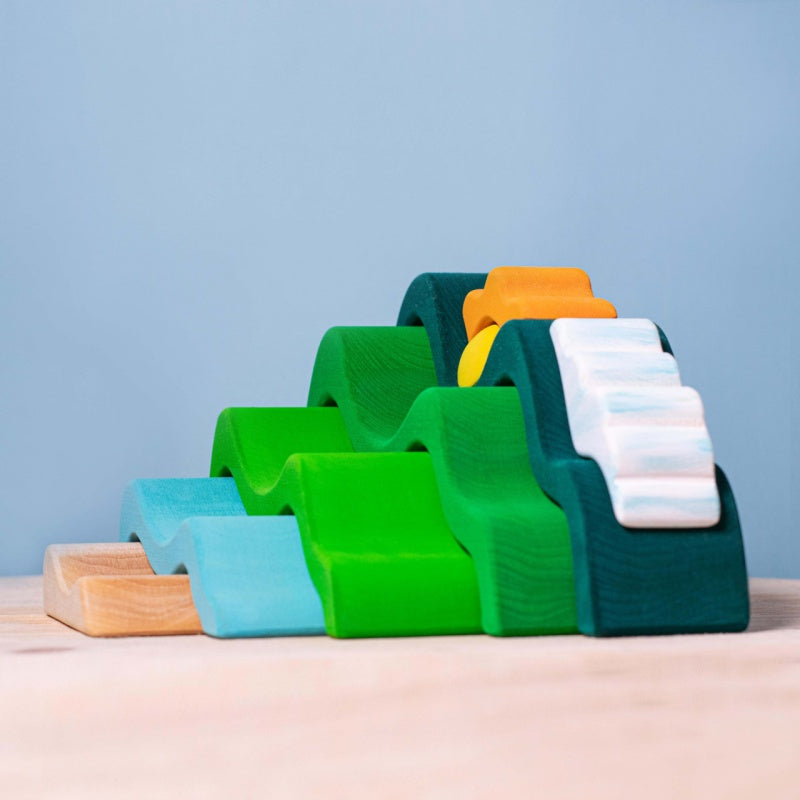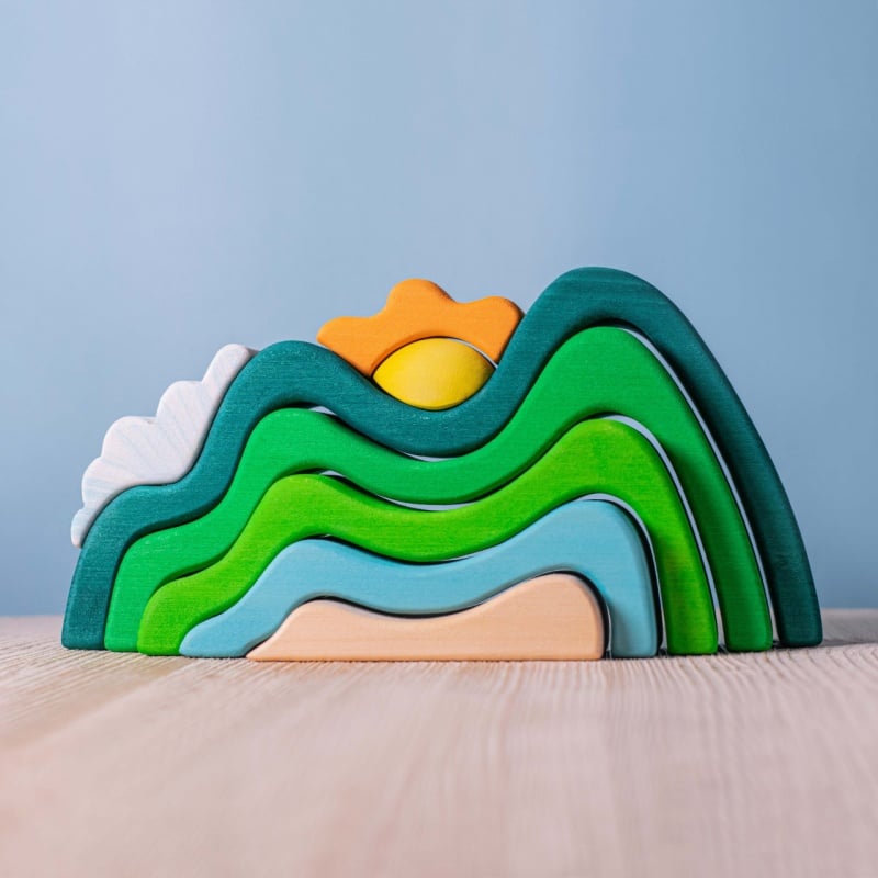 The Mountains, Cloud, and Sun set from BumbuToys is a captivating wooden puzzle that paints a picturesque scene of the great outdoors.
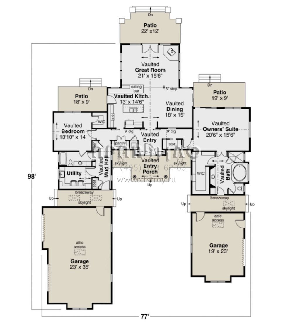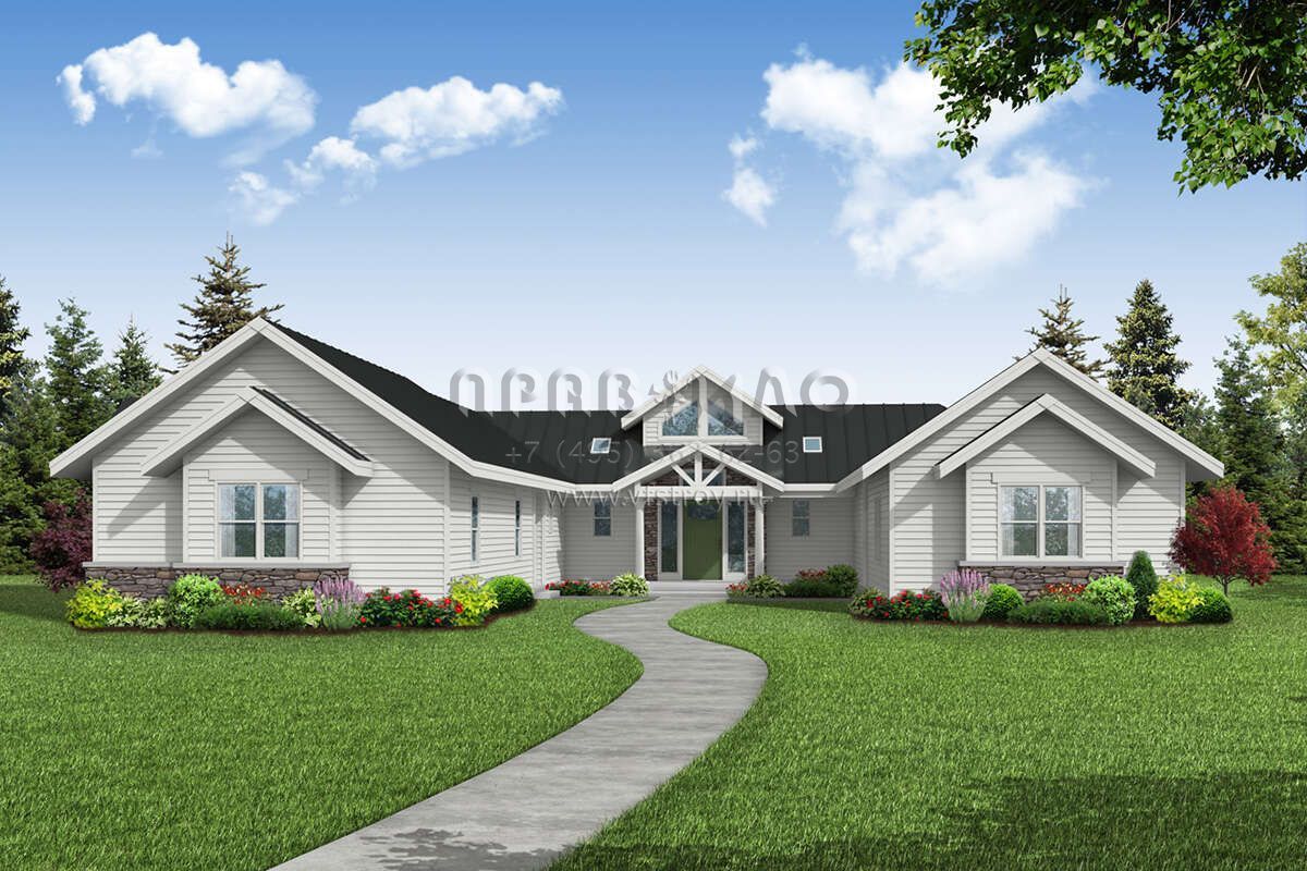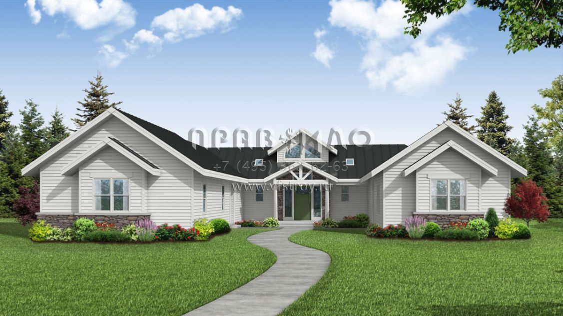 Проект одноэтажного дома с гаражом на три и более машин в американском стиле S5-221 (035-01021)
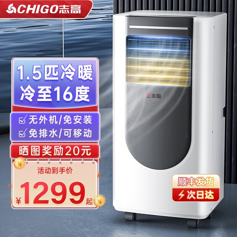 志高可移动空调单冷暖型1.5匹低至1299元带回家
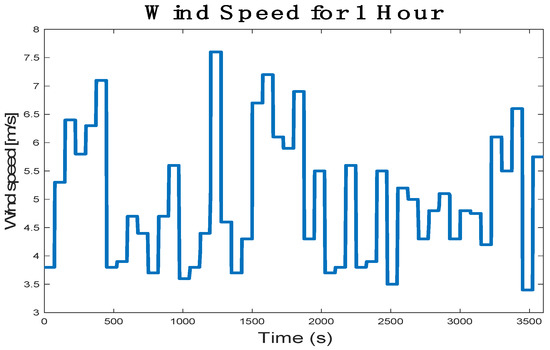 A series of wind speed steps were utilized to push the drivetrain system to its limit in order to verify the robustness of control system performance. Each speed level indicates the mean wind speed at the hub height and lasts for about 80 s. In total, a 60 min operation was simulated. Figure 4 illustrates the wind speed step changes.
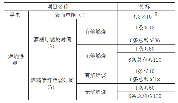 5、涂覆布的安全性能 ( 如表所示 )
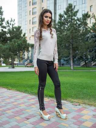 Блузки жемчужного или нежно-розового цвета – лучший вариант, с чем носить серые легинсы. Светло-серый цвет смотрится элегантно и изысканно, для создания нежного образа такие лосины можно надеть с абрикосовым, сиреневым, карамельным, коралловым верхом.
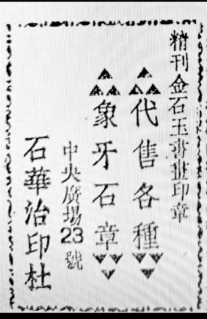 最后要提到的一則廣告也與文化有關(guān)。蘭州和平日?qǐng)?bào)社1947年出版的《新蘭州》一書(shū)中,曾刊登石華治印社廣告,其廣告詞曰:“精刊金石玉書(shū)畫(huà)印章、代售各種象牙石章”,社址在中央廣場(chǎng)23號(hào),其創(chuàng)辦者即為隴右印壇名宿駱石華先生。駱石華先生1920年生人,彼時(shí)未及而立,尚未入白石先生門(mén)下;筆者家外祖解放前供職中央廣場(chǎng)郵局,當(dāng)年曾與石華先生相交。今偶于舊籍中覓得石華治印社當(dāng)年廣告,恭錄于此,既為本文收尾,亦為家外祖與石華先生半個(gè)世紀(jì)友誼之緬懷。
==
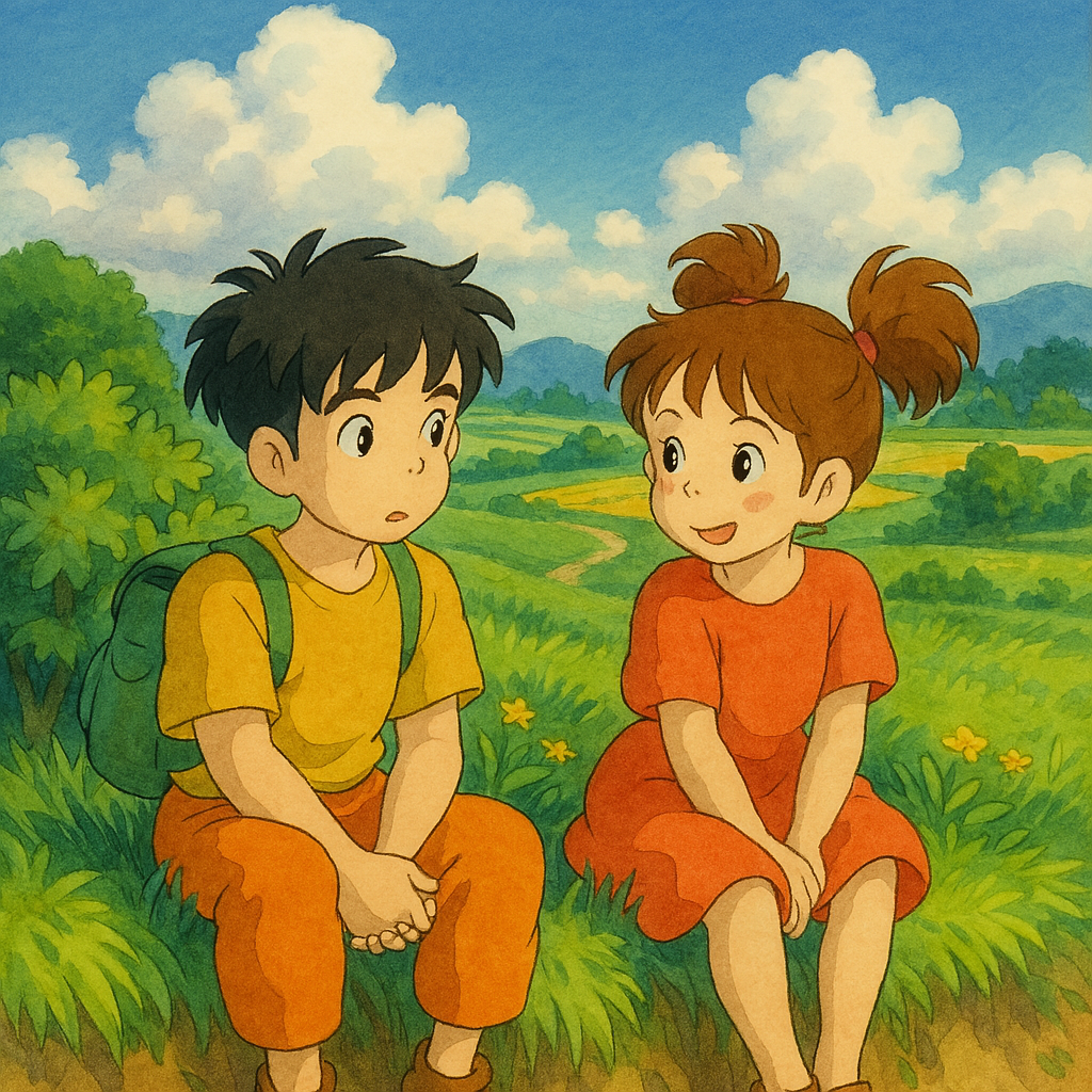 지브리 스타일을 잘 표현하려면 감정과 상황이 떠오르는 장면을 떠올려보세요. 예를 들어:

■ **WORK REQUIRED**
Reproduce exactly the lines above that run from the one with "The Mountains, Cloud, and" to the one with "5、涂覆布的安全性能 ( 如表所示 )", both included, leaving pictures out.

■ **TASK RESPONSE**
 The Mountains, Cloud, and Sun set from BumbuToys is a captivating wooden puzzle that paints a picturesque scene of the great outdoors.
 Проект одноэтажного дома с гаражом на три и более машин в американском стиле S5-221 (035-01021)
 志高可移动空调单冷暖型1.5匹低至1299元带回家
 A series of wind speed steps were utilized to push the drivetrain system to its limit in order to verify the robustness of control system performance. Each speed level indicates the mean wind speed at the hub height and lasts for about 80 s. In total, a 60 min operation was simulated. Figure 4 illustrates the wind speed step changes.
 5、涂覆布的安全性能 ( 如表所示 )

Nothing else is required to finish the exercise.